As she points out, she was the first mayoral candidate to call for “defunding the NYPD” and reallocating those resources to underserved communities of color. She has called for creating the Community First Responders Department composed of mental health and social service professionals. “Black and brown communities have been brutalized and terrorized by the police since their inception as slave patrols,” she said. “They’ve served as the foot soldiers for a mass incarceration movement of laws and attitudes designed to criminalize whole communities…This systemic problem of violence requires a structural solution.”
Morales said she wants to create a “new social contract” and advocated for what she called the “pre-distribution of wealth,” which would mean “investing in the front end in community members and communities, to expand the existence of worker-owned companies, consumer cooperatives, and participatory budgeting practices that enable community members to have a say in how their tax dollars are reinvested in their communities to address their challenges. Because we know that those who live closest to the challenge are often closest to the solutions.”
Activist Michael Partis said, “Dianne has experienced the barriers big and small to women and people of color. She has spent her career working to address poverty. Now she’s ready to disrupt the root causes of poverty, oppression, and lead the city into an era where all New Yorkers can thrive.”
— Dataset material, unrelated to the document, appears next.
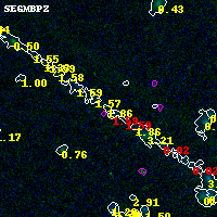 Object #2117 x,y = (4458, 2905) RA, Dec = (00:32:03.024, 18:08:17.16) = (8.01260, 18.13810) BPZ = 1.858 [0.326--3.077] type = 10.00 (SB3_B10) chisq2 = 0.28 ODDS = 0.12 z_cluster = 0.396

Though Morales cannot boast the same level of fundraising as some of the other better-known, more-connected candidates – she has just under $107,000 in her campaign account – she is counting on the city’s public matching funds program, which matches small dollar donations at an 8-to-1 ratio, to help her punch above her weight. The election will also be the first in the city to employ ranked-choice voting, which will require candidates to build broad coalitions beyond their traditional bases of support and vie to be listed second and even third on voters’ ballots.
“When you get hired to be the mayor, you’re supposed to work for the people,” said Tenesha Grant, an education activist who appeared in Morales’ launch video. “Not for the establishment, not to make the rich richer and the poor poorer. And I think that Diane truly understands what that means.”
The other candidates who have registered to run in the Democratic primary, as referenced above, are Comptroller Scott Stringer, Brooklyn Borough President Eric Adams, City Council Member Carlos Menchaca, former city Department of Veterans Services Loree Sutton, former counsel to the mayor Maya Wiley, former city Sanitation Commissioner Kathryn Garcia, former federal Housing Secretary Shaun Donovan, military veteran-turned-entrepreneur Zach Iscol, and former Citigroup executive Ray McGuire.